◆ Dataset extract:

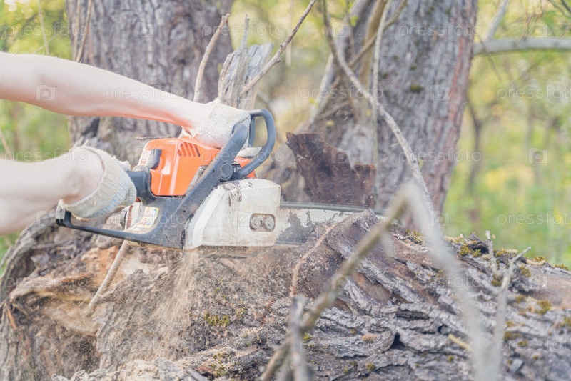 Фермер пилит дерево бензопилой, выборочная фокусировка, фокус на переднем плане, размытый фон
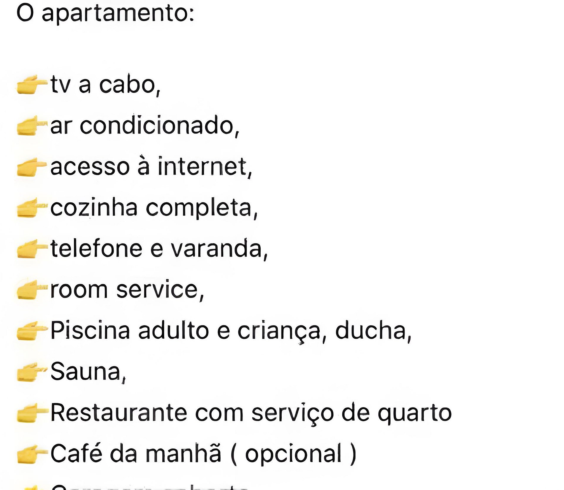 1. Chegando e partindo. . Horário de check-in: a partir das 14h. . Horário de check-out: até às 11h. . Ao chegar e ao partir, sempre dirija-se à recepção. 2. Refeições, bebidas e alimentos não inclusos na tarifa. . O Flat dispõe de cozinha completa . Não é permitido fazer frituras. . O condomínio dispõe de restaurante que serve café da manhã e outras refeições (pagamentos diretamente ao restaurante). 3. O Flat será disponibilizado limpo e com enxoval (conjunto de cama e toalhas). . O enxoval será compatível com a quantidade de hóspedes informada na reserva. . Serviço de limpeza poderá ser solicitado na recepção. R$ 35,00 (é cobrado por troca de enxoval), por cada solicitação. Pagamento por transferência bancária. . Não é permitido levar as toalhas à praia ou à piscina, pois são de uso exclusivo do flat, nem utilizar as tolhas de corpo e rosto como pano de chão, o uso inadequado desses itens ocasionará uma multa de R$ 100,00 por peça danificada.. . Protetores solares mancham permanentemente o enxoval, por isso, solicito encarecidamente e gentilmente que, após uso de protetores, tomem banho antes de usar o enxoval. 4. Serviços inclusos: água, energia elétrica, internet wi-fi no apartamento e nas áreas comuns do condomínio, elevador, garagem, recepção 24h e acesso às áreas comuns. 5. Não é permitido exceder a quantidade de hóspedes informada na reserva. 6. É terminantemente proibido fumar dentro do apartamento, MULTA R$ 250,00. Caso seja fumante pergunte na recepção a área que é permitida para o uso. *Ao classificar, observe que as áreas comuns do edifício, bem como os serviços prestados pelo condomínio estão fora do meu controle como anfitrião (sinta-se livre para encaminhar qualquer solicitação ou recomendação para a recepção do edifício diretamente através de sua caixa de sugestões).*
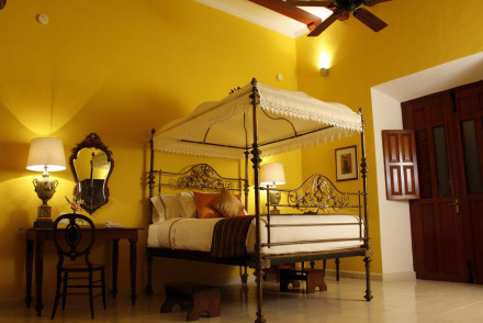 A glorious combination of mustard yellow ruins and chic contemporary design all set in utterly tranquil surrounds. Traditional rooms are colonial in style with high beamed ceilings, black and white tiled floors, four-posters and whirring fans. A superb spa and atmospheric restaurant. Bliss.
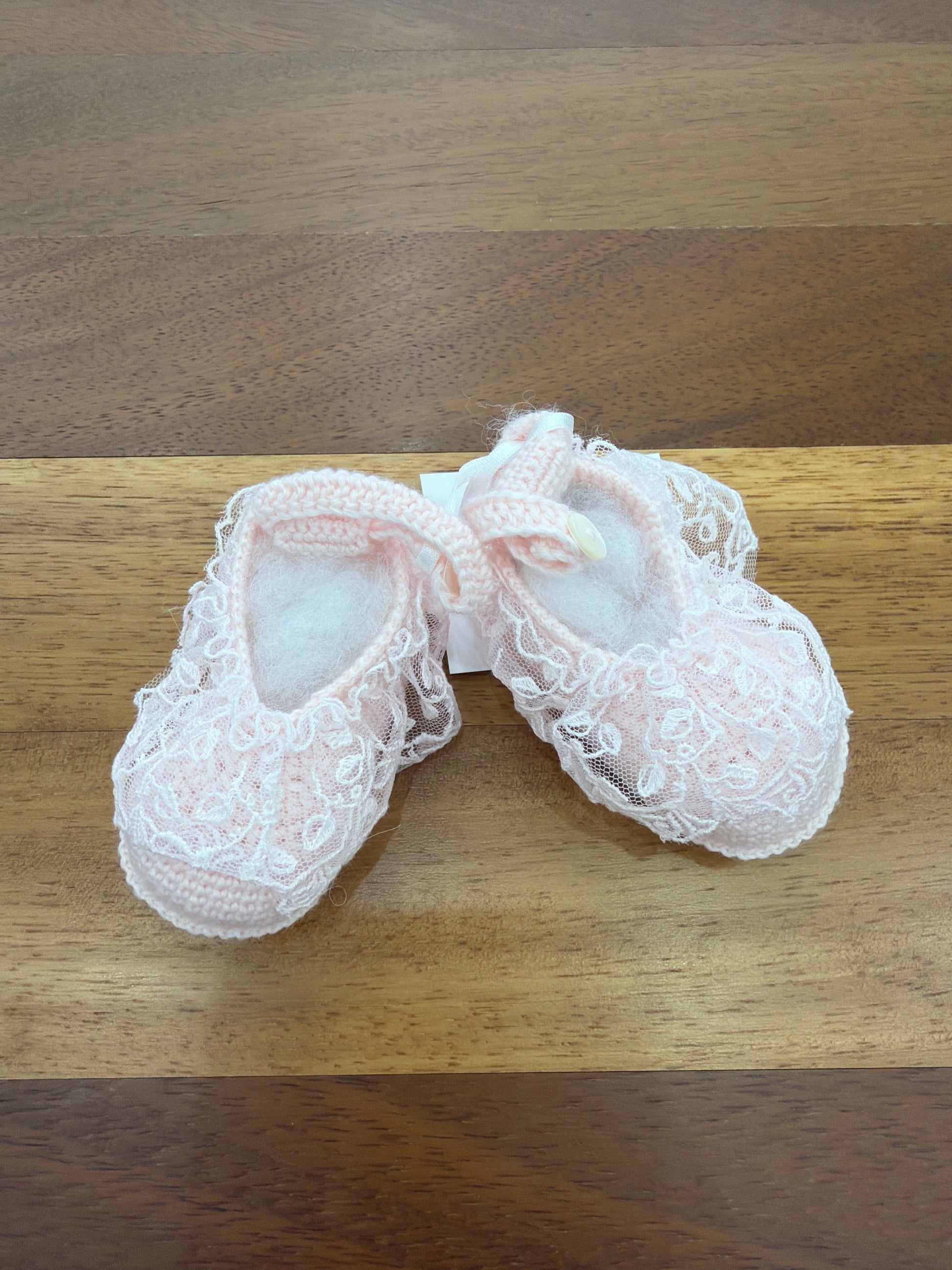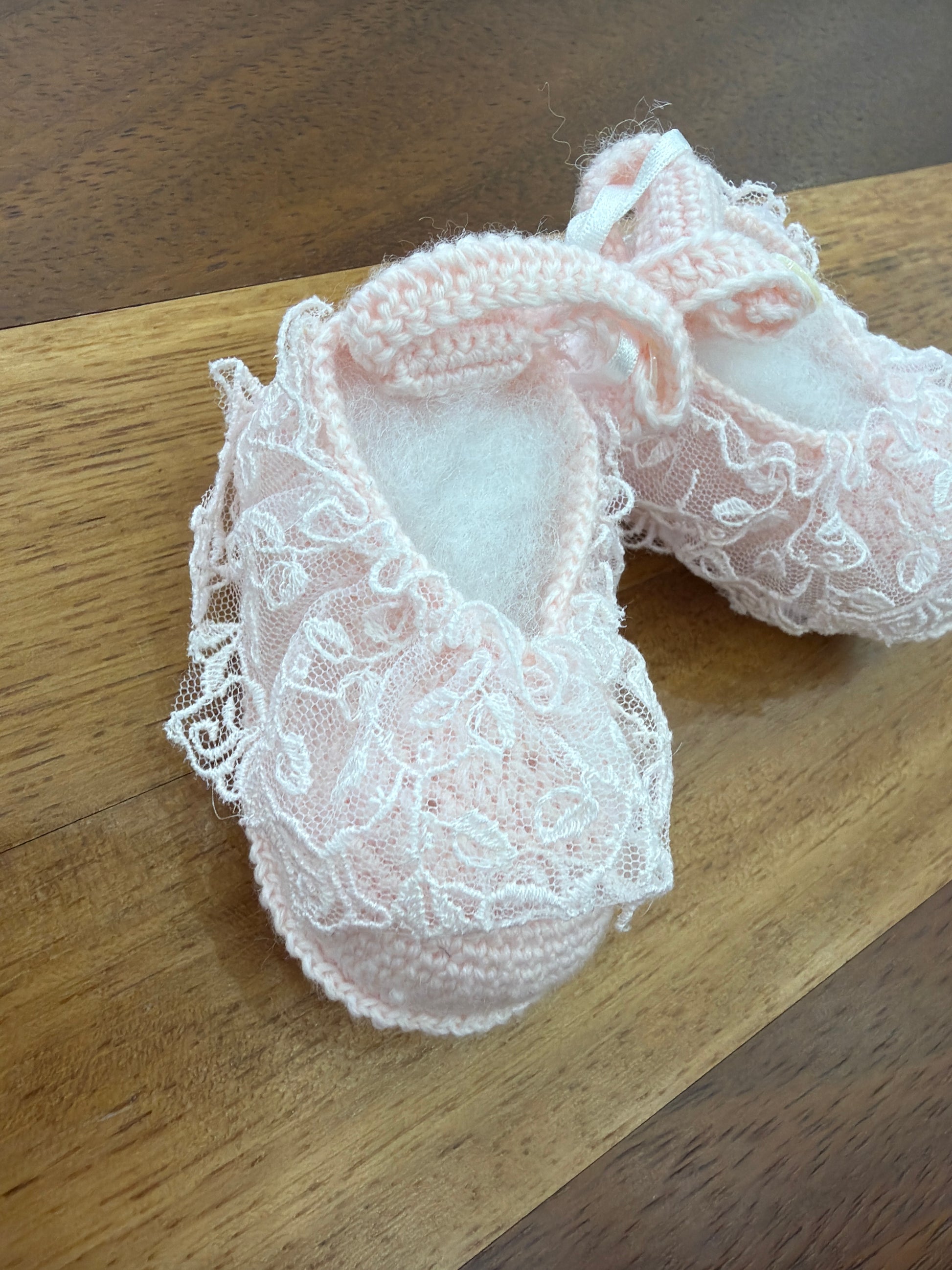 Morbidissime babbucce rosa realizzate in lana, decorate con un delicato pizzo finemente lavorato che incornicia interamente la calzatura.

◆ What is expected:
Reproduce the listing exactly, but omit every picture in it.

◆ Response below:
 Фермер пилит дерево бензопилой, выборочная фокусировка, фокус на переднем плане, размытый фон
 1. Chegando e partindo. . Horário de check-in: a partir das 14h. . Horário de check-out: até às 11h. . Ao chegar e ao partir, sempre dirija-se à recepção. 2. Refeições, bebidas e alimentos não inclusos na tarifa. . O Flat dispõe de cozinha completa . Não é permitido fazer frituras. . O condomínio dispõe de restaurante que serve café da manhã e outras refeições (pagamentos diretamente ao restaurante). 3. O Flat será disponibilizado limpo e com enxoval (conjunto de cama e toalhas). . O enxoval será compatível com a quantidade de hóspedes informada na reserva. . Serviço de limpeza poderá ser solicitado na recepção. R$ 35,00 (é cobrado por troca de enxoval), por cada solicitação. Pagamento por transferência bancária. . Não é permitido levar as toalhas à praia ou à piscina, pois são de uso exclusivo do flat, nem utilizar as tolhas de corpo e rosto como pano de chão, o uso inadequado desses itens ocasionará uma multa de R$ 100,00 por peça danificada.. . Protetores solares mancham permanentemente o enxoval, por isso, solicito encarecidamente e gentilmente que, após uso de protetores, tomem banho antes de usar o enxoval. 4. Serviços inclusos: água, energia elétrica, internet wi-fi no apartamento e nas áreas comuns do condomínio, elevador, garagem, recepção 24h e acesso às áreas comuns. 5. Não é permitido exceder a quantidade de hóspedes informada na reserva. 6. É terminantemente proibido fumar dentro do apartamento, MULTA R$ 250,00. Caso seja fumante pergunte na recepção a área que é permitida para o uso. *Ao classificar, observe que as áreas comuns do edifício, bem como os serviços prestados pelo condomínio estão fora do meu controle como anfitrião (sinta-se livre para encaminhar qualquer solicitação ou recomendação para a recepção do edifício diretamente através de sua caixa de sugestões).*
 A glorious combination of mustard yellow ruins and chic contemporary design all set in utterly tranquil surrounds. Traditional rooms are colonial in style with high beamed ceilings, black and white tiled floors, four-posters and whirring fans. A superb spa and atmospheric restaurant. Bliss.
 Morbidissime babbucce rosa realizzate in lana, decorate con un delicato pizzo finemente lavorato che incornicia interamente la calzatura.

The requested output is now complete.